Re-examining Arthur Conan Doyle

Edited by Nils Clausson

When I first contemplated proposing the idea of a collection of essays on Arthur Conan Doyle to Cambridge Scholars Publishing, I was partly motivated by a question that had perplexed me for several years: Why has the second Holmes story, The Sign of Four, received scores of articles and discussions in monographs, whereas such stories as “The Golden Pince-Nez” and “The Copper Beeches” have received virtually none? The answer, I eventually realized, was no real mystery: The Sign of Four lends itself to an analysis from a postcolonial perspective, whereas the others cannot be so easily accommodated to readings from any of the currently dominant paradigms in English studies. Within any critical paradigm, the works that get the most attention tend to be those that most readily confirm the validity of the paradigm within which the critic is working. As I remarked in my book Arthur Conan Doyle’s Art of Fiction: A Revaluation, the current orthodoxy in Conan Doyle criticism is to tie him to a chair, shine a Foucauldian light on him, and beat a confession out of him, and then, like Jack Horner, exclaim, “What a good little critic am I!” In the essays in this collection, you will find no references to Foucault or to the colonized Other, or any demonstrations of how the Holmes stories reassured the predominantly middle-class readers of the Strand Magazine that, with Sherlock Holmes on the case, they had nothing to worry about.
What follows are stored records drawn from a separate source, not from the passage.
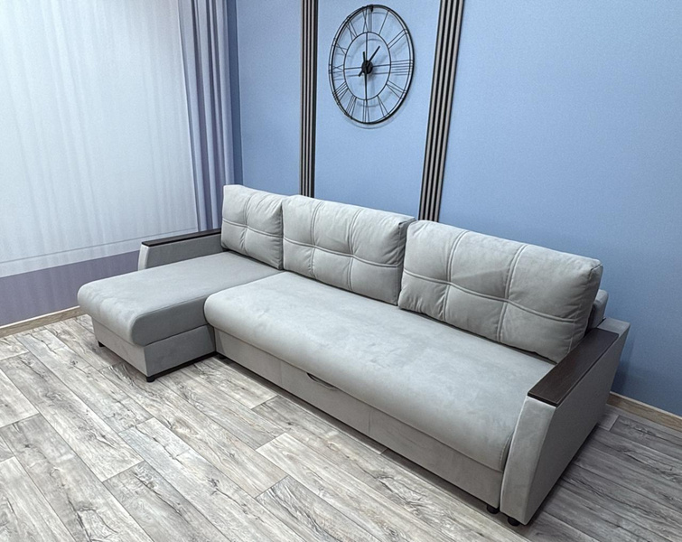 Угловой диван "ЕвроМакс" Большой диван - незаменимый предмет мебели, особенно если у Вас большая семья или всегда много гостей. Диван ЕвроМакс ДУ имеет два вместительных короба для постельных принадлежностей. Механизм трансформации "Пантограф" (Тик-Так) с легкостью превратит диван в кровать с ровным спальным местом. Съемные подлокотники упрощают процесс транспортировки.
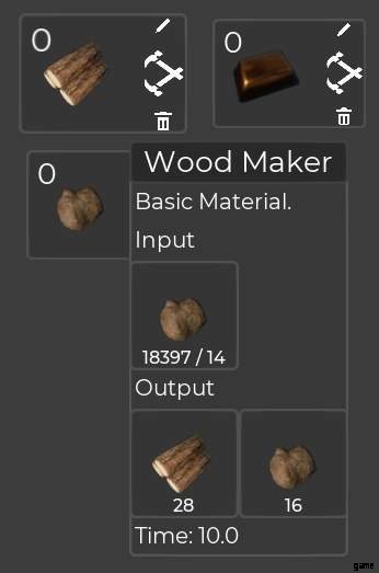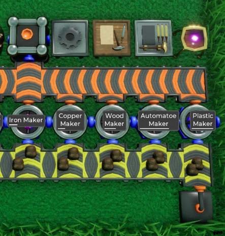 この組立ラインは、Automatoe、Copper、Gold、Iron、Oilives、Sand、Wood などの単純なリソースを生産できます。コンパクト サンド、アース オーブ、ガラス、またはプラスチックは作成されません。これらは「成長」するのではなく、組み立てテーブルで (または自動組み立てオブジェクトを使用して) 作成されるためです。
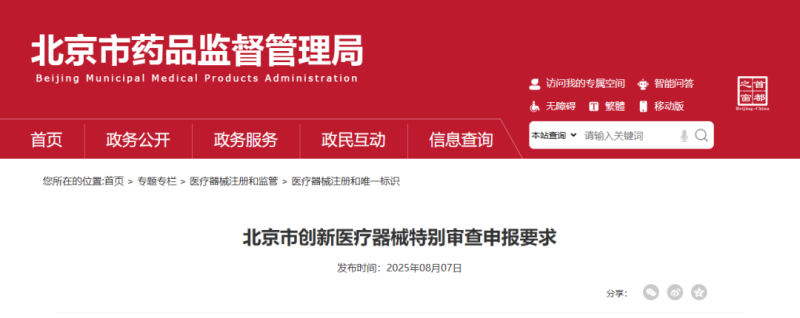 近日,北京市藥監(jiān)局發(fā)布《北京市創(chuàng)新醫(yī)療器械特別審查申報(bào)要求》,我們將其轉(zhuǎn)載如下,以供有創(chuàng)新申報(bào)需求的企業(yè)參考:
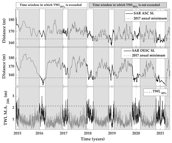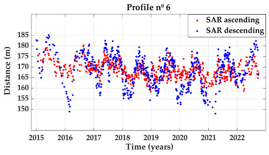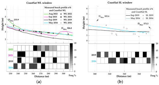 Additionally, to compare the results that we can obtain from SAR and optical sensors, satellite-derived shorelines (WLs) from S2 images are obtained with the CoastSat tool [42]. The water lines represent the water–sand interface at the moment in which the image was taken. After a visual inspection to remove lines located outside the inter-tidal area, 169 WLs were kept between 2015 and 2022. The position of the shorelines from optical images was obtained as the distance from the baseline in the 61 beach profiles in Figure 7. CoastSat WLs were transformed into datum-based SLs using the total water level (TWL) at the moment in which the image was taken and the beach slope from the topographic surveys to project the WL horizontal position onto the mean low water (MLW) datum (84 cm above the chart datum). Figure 8 shows the windows where CoastSat WLs and datum-based CoastSat SLs are located across beach profile No. 6 as an example.
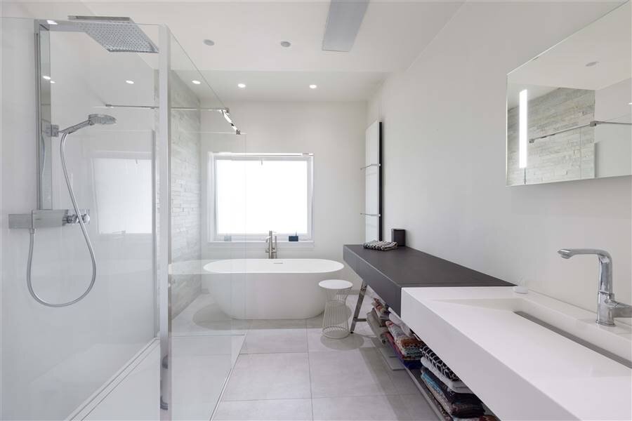 + Ensuite badkamer met op maat gemaakt badkamermeubel, ligbad en ruime inloopdocuhe
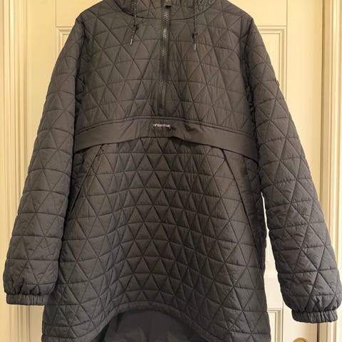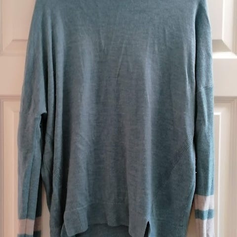 (Litt stor men tror ikke jeg ville hatt den mindre = preferanser). Målebåndet: Armpit to pit ca 53cm (målt løst hengende, så veldidg omtrentlig mål). Nakke til hem ca 79cm.
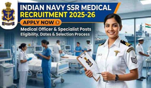 ഇന്ത്യൻ നേവിയിൽ മെഡിക്കൽ ബ്രാഞ്ചിലേക്ക് സീനിയർ സെക്കൻഡറി റിക്രൂട്ട്സ് (SSR – Medical) തസ്തികയിലേക്ക് അപേക്ഷ ക്ഷണിച്ചു. അവിവാഹിതരായ പുരുഷന്മാർക്കാണ് അപേക്ഷിക്കാൻ അവസരമുള്ളത്. 02/2025, 02/2026 എന്നീ രണ്ട് ബാച്ചുകളിലേക്കാണ് തിരഞ്ഞെടുപ്പ്…

One of the things that readers of the collection will notice is that there is no single methodology or approach used by the diverse contributors. What does unite them is their commitment to looking at Conan Doyle in new ways and in paying attention to those aspects of his works that have been neglected or overlooked in recent criticism.

Re-examining Arthur Conan Doyle, as its title indicates, attempts to offer new directions in Conan Doyle criticism and scholarship. It is thus a reaction to the criticism that has dominated Conan Doyle studies over the last few decades. A survey of that criticism reveals that it has been focused to a large extent on the Holmes stories, and that it has been defined by a critical methodology that has come to be known as ‘symptomatic reading’. His works are given a ‘symptomatic’ reading in order to reveal what they symptomatically tell us about colonialism, history, class, gender, and attitudes to crime and criminals.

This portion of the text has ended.